Please transcribe the data below exactly. Leave the pictures out.

++++ Data section ++++

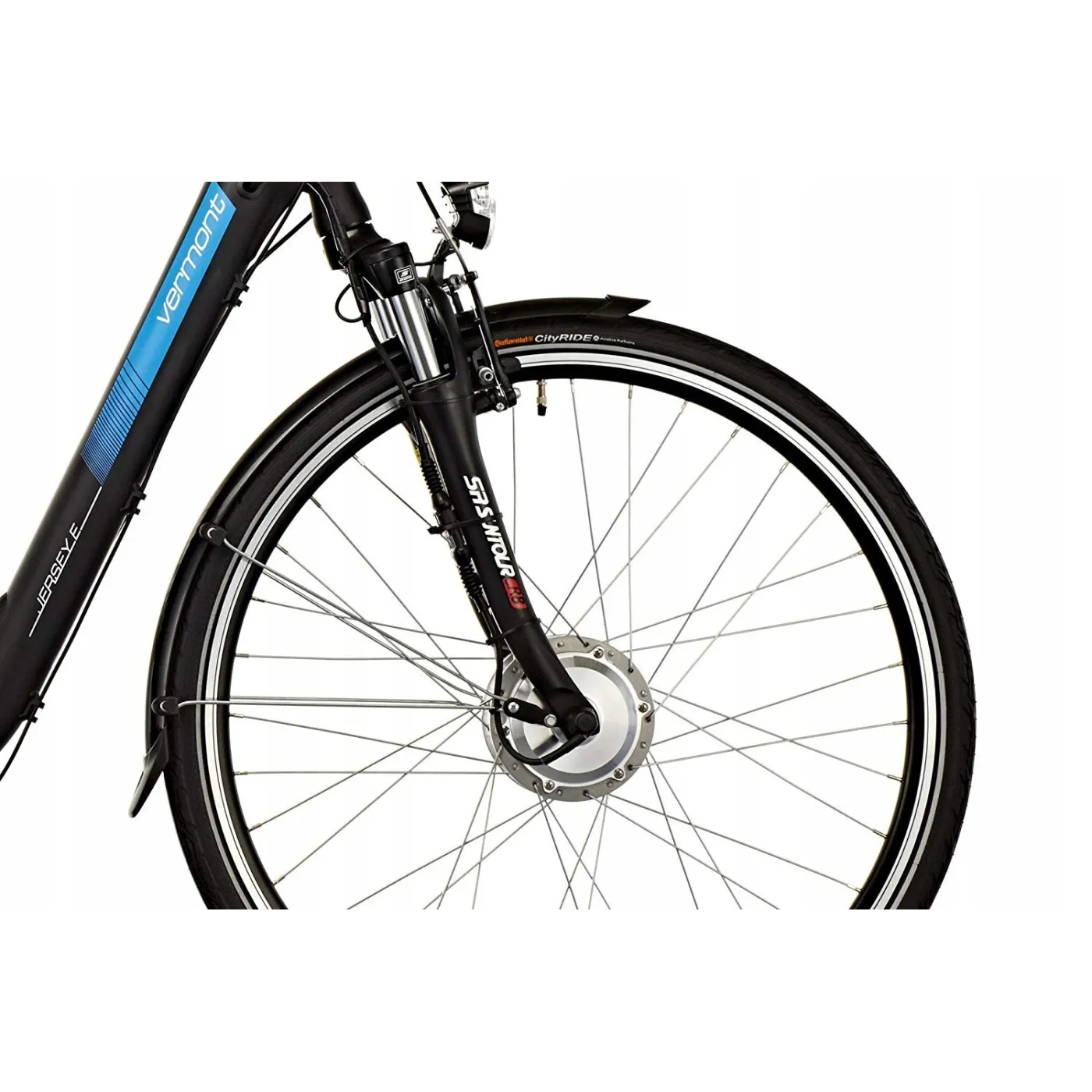 Oprócz elektrycznego wspomagania silnika, Vermont dostarcza również 7-biegową piastę Shimano Nexus i mocnymi hamulcami typu V na przednich i tylnych kołach. Regulowana sztyca, wygięta kierownica i komfortowe siodełko umożliwiają indywidualną regulację pozycji siedzącej na rowerze.
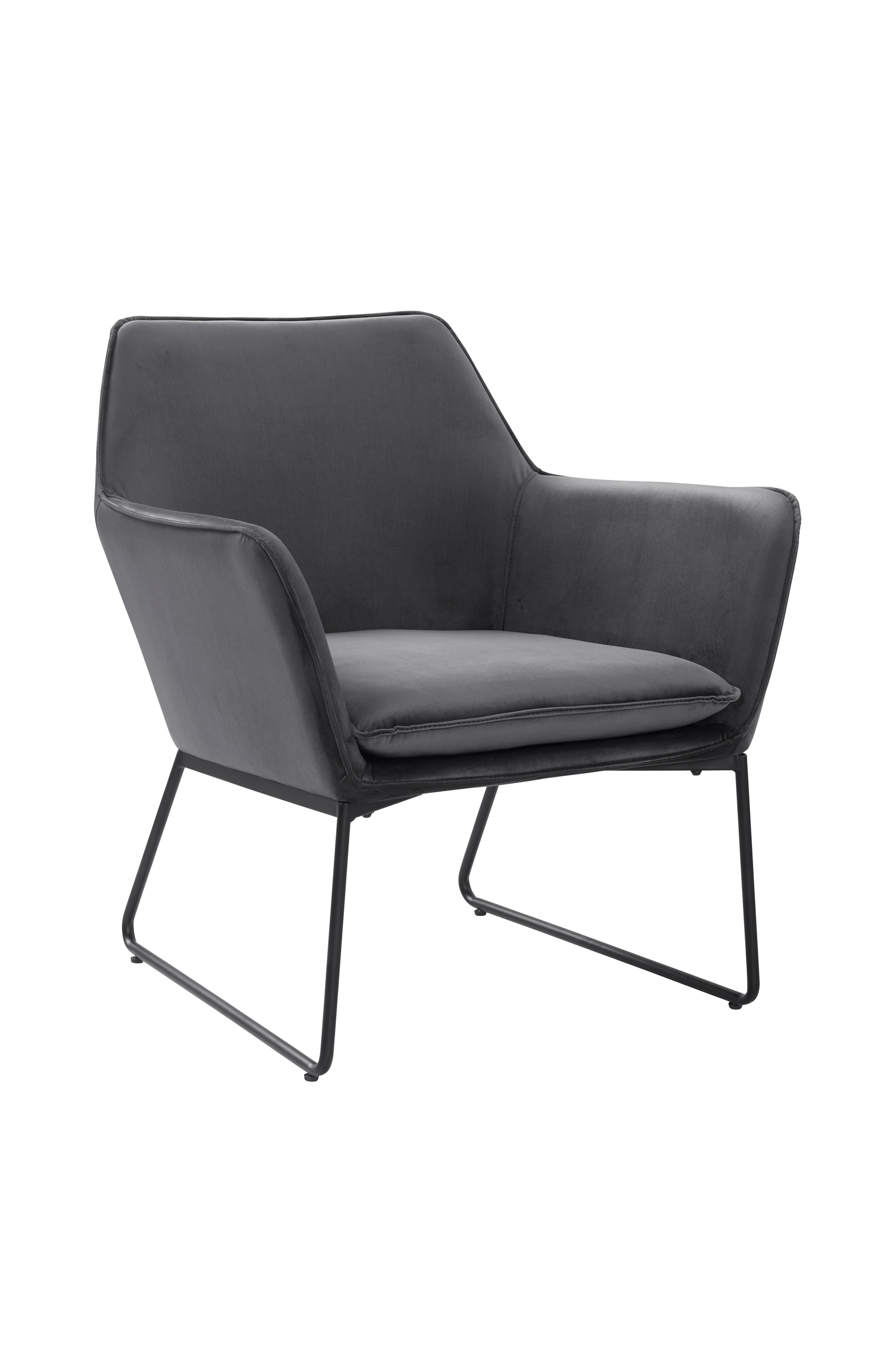 Ensfarvet lænestol med sæde i velour og metalben. Behagelig, karakterstærk og let er ord, der beskriver ELLNE. Lænestolen er bekvem takket være sin siddevinkel og de bløde hynder i velour. Nogen montering kræves. Samlevejledning medfølger.
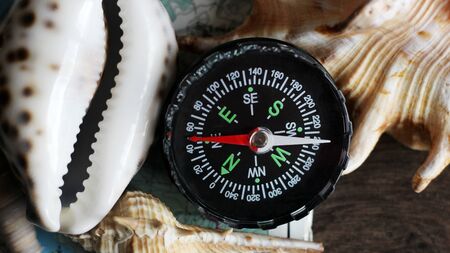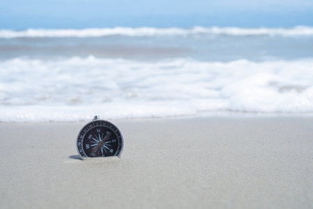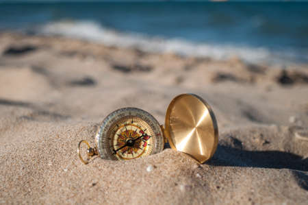 Compass with ocean waves on a sandy beach. The concept of world tourism day, Searching the right directions and Travel

++++

* **Your response**:
 Oprócz elektrycznego wspomagania silnika, Vermont dostarcza również 7-biegową piastę Shimano Nexus i mocnymi hamulcami typu V na przednich i tylnych kołach. Regulowana sztyca, wygięta kierownica i komfortowe siodełko umożliwiają indywidualną regulację pozycji siedzącej na rowerze.
 Ensfarvet lænestol med sæde i velour og metalben. Behagelig, karakterstærk og let er ord, der beskriver ELLNE. Lænestolen er bekvem takket være sin siddevinkel og de bløde hynder i velour. Nogen montering kræves. Samlevejledning medfølger.
 Compass with ocean waves on a sandy beach. The concept of world tourism day, Searching the right directions and Travel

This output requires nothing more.